Unomguqo Dlamini fu battezzata il 21 dicembre 1887 e prese il nome cristiano di Paulina. Le congregazioni guidate dai missionari europei e americani predicavano una teologia paternalista in questo senso molto rassicurante. Se si avvalora l'ipotesi della missione come rifugio, ecco che acquista significato anche la doppia struttura del testo redatto dal reverendo Filter: Servant of Two Kings si compone infatti di due parti ben distinte, la prima Servant of Cetshwayo, la seconda Servant of God. Questa ripartizione rivela un carattere prettamente funzionale. In questo modo infatti non solo è più evidente la contrapposizione tra il bene e il male, rispettivamente la vita da cristiana di Paulina e quella da pagana, ma è possibile omettere un'ipotetica fase della vita di Paulina in cui si sarebbe potuto riscontrare uno stato confusionale nella donna oppure un periodo di transizione in cui fosse prevalente l'indecisione nella scelta tra i due re.
La perdita di orientamento e la conseguente confusione si palesano nella contrapposizione di due stati d'animo: il senso di smarrimento delle ultime fasi di Servant of Cetshwayo, in cui Paulina è impegnata nella fuga dalla reggia e tenta disperatamente di nascondersi presso altri homesteads senza trovare pace, e la fermezza d'animo ostentata dalla Dlamini nel secondo capitolo di Servant of Two Kings, che comincia con il sogno rivelatore di Paulina, già pienamente inserita alla missione. In Servants Of Two Kings la confusione emotiva di Paulina vive in maniera implicita nel vuoto volutamente lasciato dal reverendo Heinrich Filter tra i due capitoli che compongono il testo.
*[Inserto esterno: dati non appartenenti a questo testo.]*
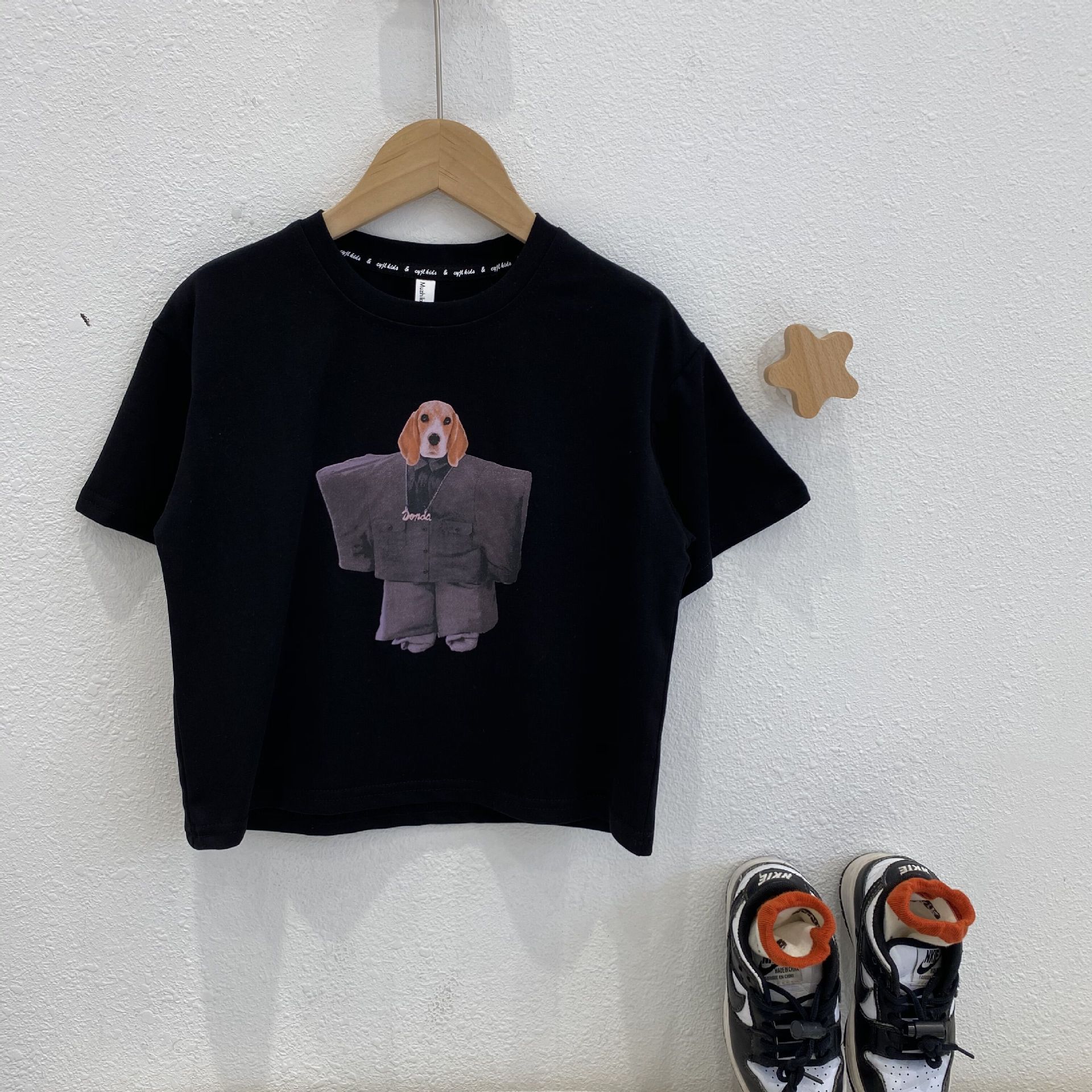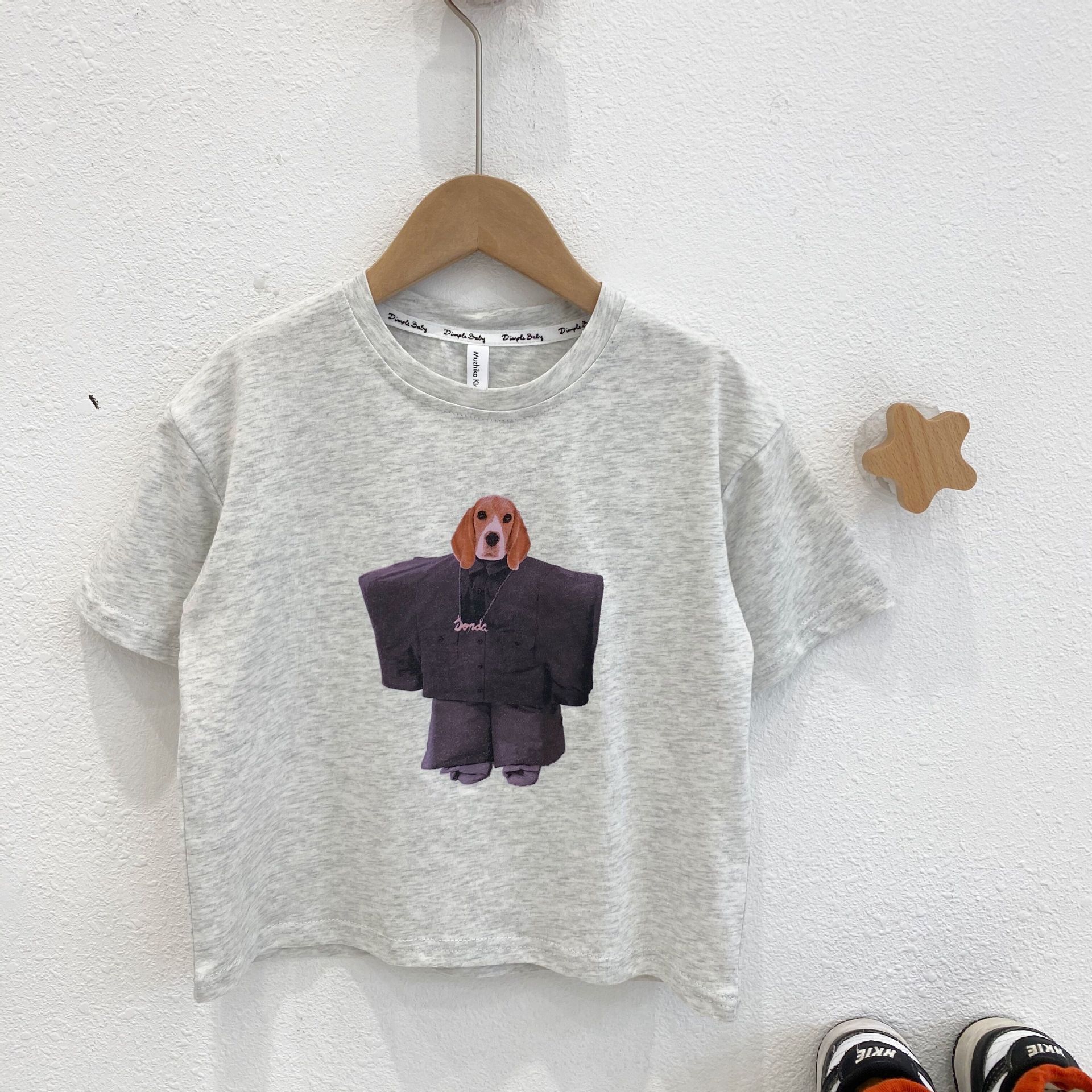 2023 봄과 여름 어린이 프린트 반팔 티셔츠 소년과 소녀를위한 유럽과 미국 스타일 루즈한 티셔츠스토어 가기
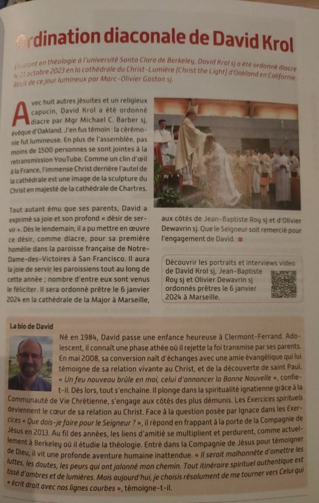 L’on apprend du bulletin Jésuites, édition décembre, que David Krol, auvergnat d’origine, entré dans la compagnie de Jésus en 2013 et étudiant en théologie à Berkeley, a été ordonné diacre à Oakland en Californie le 21 octobre dernier avec huit autres jésuites et un capucin. Le 6 janvier prochain, à la cathédrale de la Major à Marseille, il sera ordonné prêtre jésuite, avec Jean-Baptiste Roy, vendéen d’origine, issu des communautés Foi et Lumière, puis directeur de supermarché à Paris avant de faire le chemin de Compostelle puis entrer chez les jésuites, et Olivier Dewavrin, ordonné diacre avec sept autres séminaristes jésuites d’origine étrangère en l’église Saint-Ignace de Paris, le 13 mai dernier.
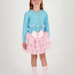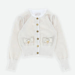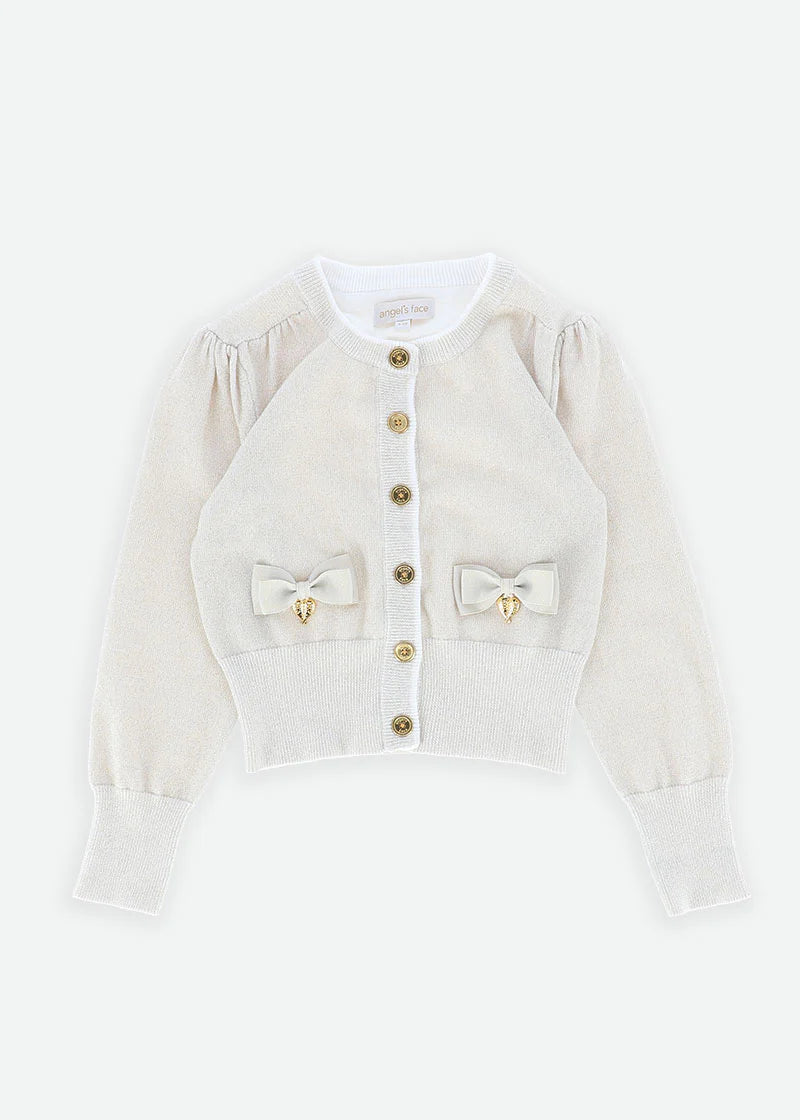 Per sua figlia, questo cardigan in caldo cotone lavorato a maglia fine con un tocco di brillantezza è un capo perfetto da indossare sopra qualsiasi abito.

Questo espediente era probabilmente volto a nascondere l'idea che si potessero verificare situazioni "ibride", non definite, in cui alcune donne si avvicinavano al cristianesimo quando ancora vivevano nello homestead con il marito in stato di poligamia. Tali situazioni erano in realtà molto frequenti all'epoca:
 
In 1899 an American Board missionary wrote what she claimed to be a true description of one young African wife's transition from obedience to her homestead head to obedience to God. She had been exploring Christianity at the local mission while living in a homestead with her polygynist husband. 'Trying to serve two masters' she 'found no rest until she came out boldly and told her husband...that she could not please him to the sacrifice of her master and that he must free her (Carton: 2000, 96).
 
Libertà è un concetto nuovo per Paulina Dlamini, la quale cresce condividendo e interiorizzando i valori di una società chiusa. Paulina prende coscienza del significato del termine 'libertà' solo in un secondo tempo, quando la missione le offre la Bibbia come strumento di emancipazione. Il patriarcato appare in questa storia di vita come una istituzione 'senza colore'; la missione e il senso di protezione ad essa legato costituiscono "a contradictory package" (Gaitskell: 1990, 254): se da un lato è una via di fuga dalle costrizioni del patriarcato tradizionale, dall'altro inserisce le donne in un nuovo patriarcato: "a firm incorporation into the domesticity and patriarchy of christian family life" (Gaitskell: 1990, 254).
 
Se per Paulina Dlamini la missione è un punto d'arrivo, per Frances Colenso rappresenta il punto di partenza. Dlamini abbandona la società tradizionale africana (non solo fisicamente, ma anche e soprattutto moralmente) e crede di aver trovato la propria identità all'interno della missione; Frances Colenso lascia invece la missione (sebbene silenziosamente e non del tutto) alla ricerca di una propria dimensione lontana dagli stereotipi che ingabbiavano la donna e la relegavano a una posizione marginale. Entrambe sono legate al padre/patriarca dal quale non riescono a staccarsi del tutto ed entrambe rompono gli schemi che erano stati loro imposti in origine.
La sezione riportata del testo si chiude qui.